= Ends of the Earth Club =

Group of artists and explorers

The Ends of the Earth Club was a group of artists and explorers founded in 1903. Its members included Mark Twain, General John Pershing, Admiral Robert Peary, Gutzon Borglum (the sculptor of Mount Rushmore), Herbert Adams Gibbons (a Princeton professor and journalist), and more than 100 other prominent businessmen and academics located, primarily, in the northeastern United States.

The group's honorary president was the British adventurer and writer, Rudyard Kipling. During the first three decades of the twentieth century, the group held an annual dinner at the Savoy Hotel in New York, where its members would meet and exchange stories about foreign travel and politics.

The members of the group generally favored Anglo American colonization of the non-European world.
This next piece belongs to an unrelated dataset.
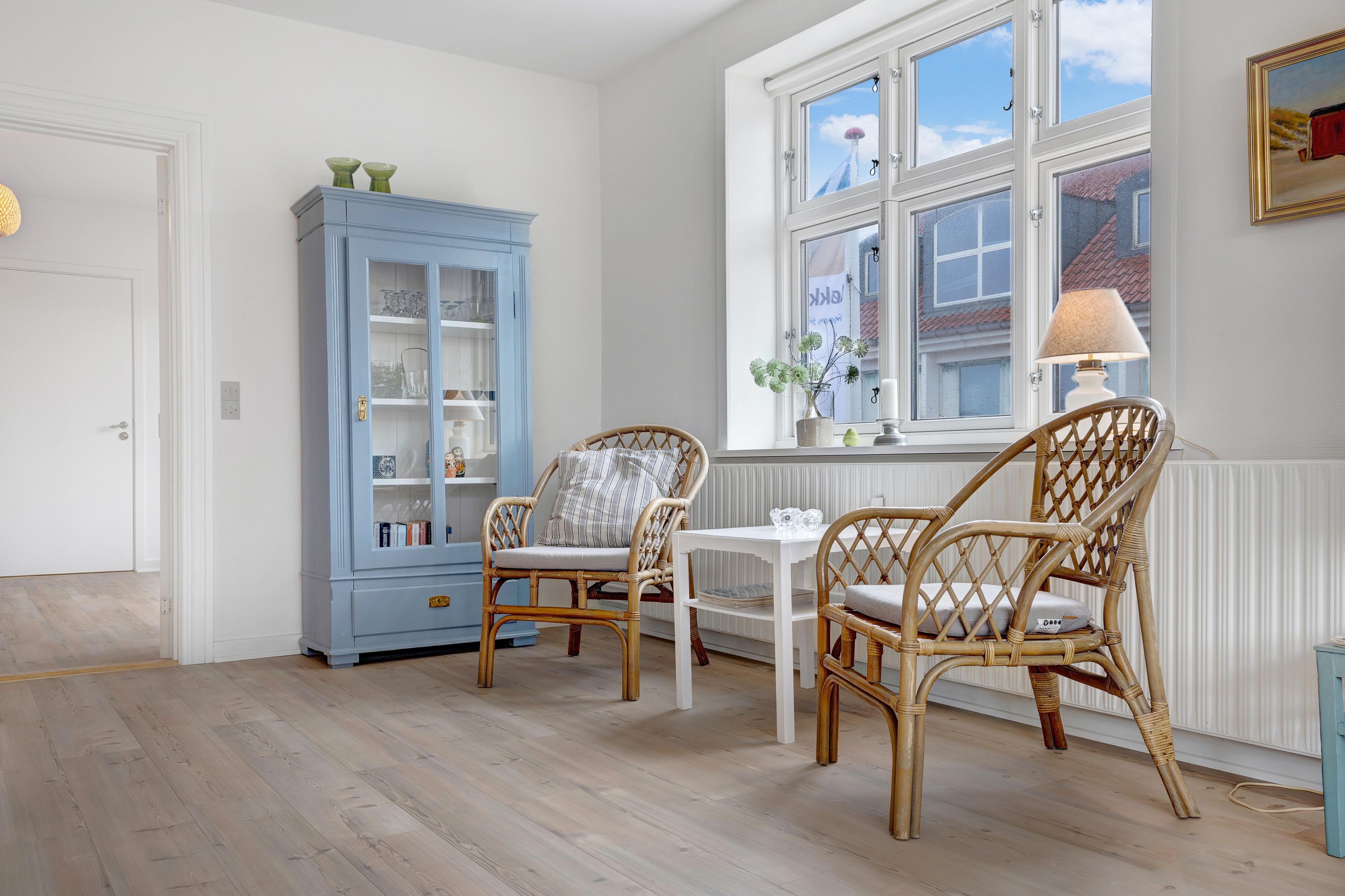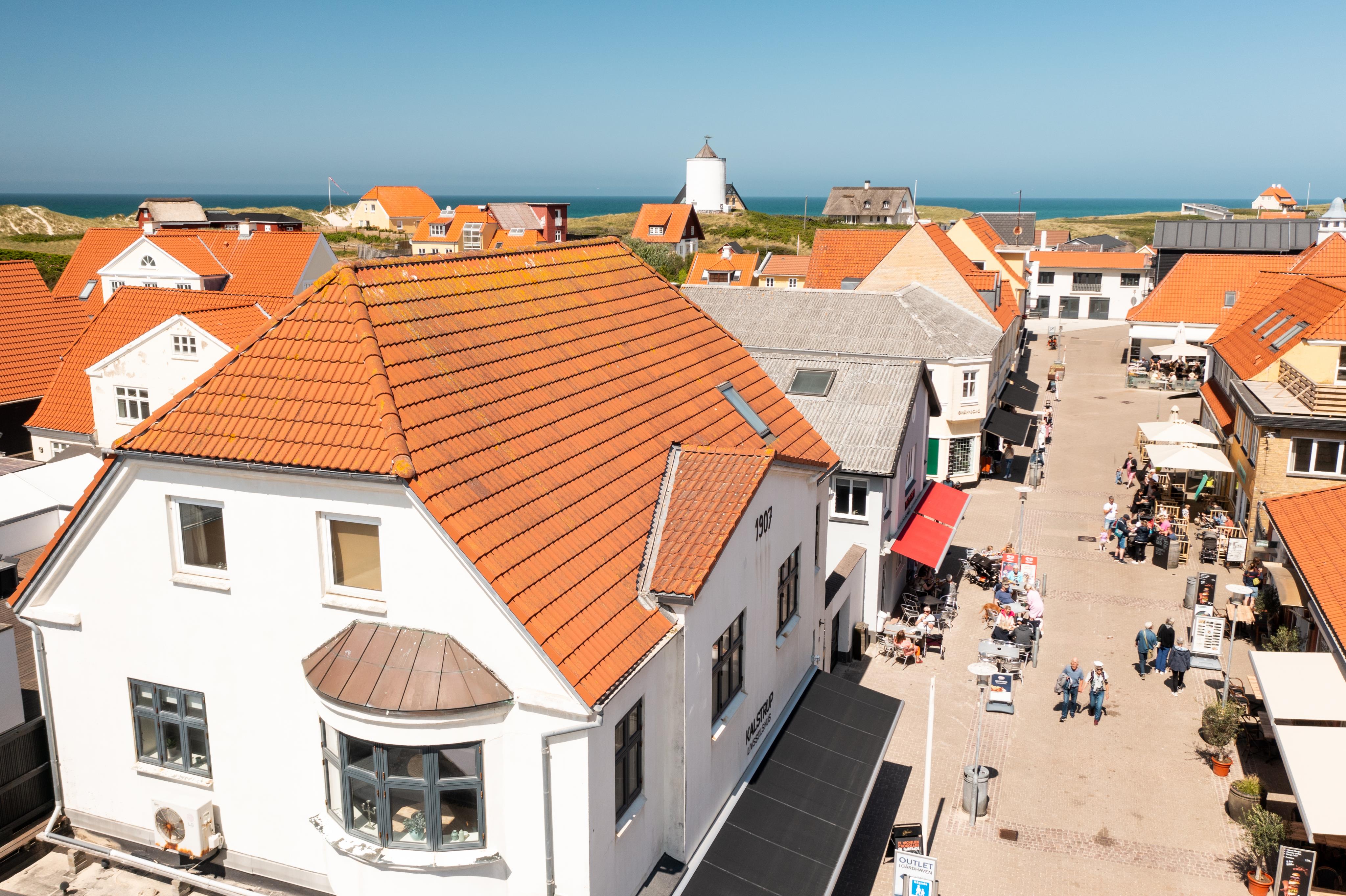 When we say that this lovely holiday apartment in Løkken is located in the city center, we mean right in the middle of the pedestrian street - an unbeatable location! The apartment is located above one of Løkken's nice clothing stores and from the living room, you have a view of the pedestrian street and the town center. At the same time, you have almost the North Sea as your backyard - just outside the apartment's private courtyard, you hit Sønder Strandvej, which leads you down to the pier and the beach, which you reach after just 150 meters.

Mark Twain recalled an evening at the club in a dictation recorded on March 7, 1906. During the evening, the chairman of the dinner, General James L. Wilson, proudly told the group that they were "all members of the Anglo-Saxon race." Wilson further commented, "And when the Anglo-Saxon wants something, he takes it." Twain said that Wilson's comment meant that Englishmen and Americans were "thieves, highwaymen, and pirates – and proud of it", adding:

Out of all the English and Americans present, there was not one with the grace to get up and say he was ashamed of being an Anglo-Saxon, and also ashamed of being a member of the human race, since the race must abide under the presence upon it of the Anglo-Saxon taint.

The club was one of several such clubs in New York, including the now dormant Adventurers' Club of New York, and the still exant Explorers Club.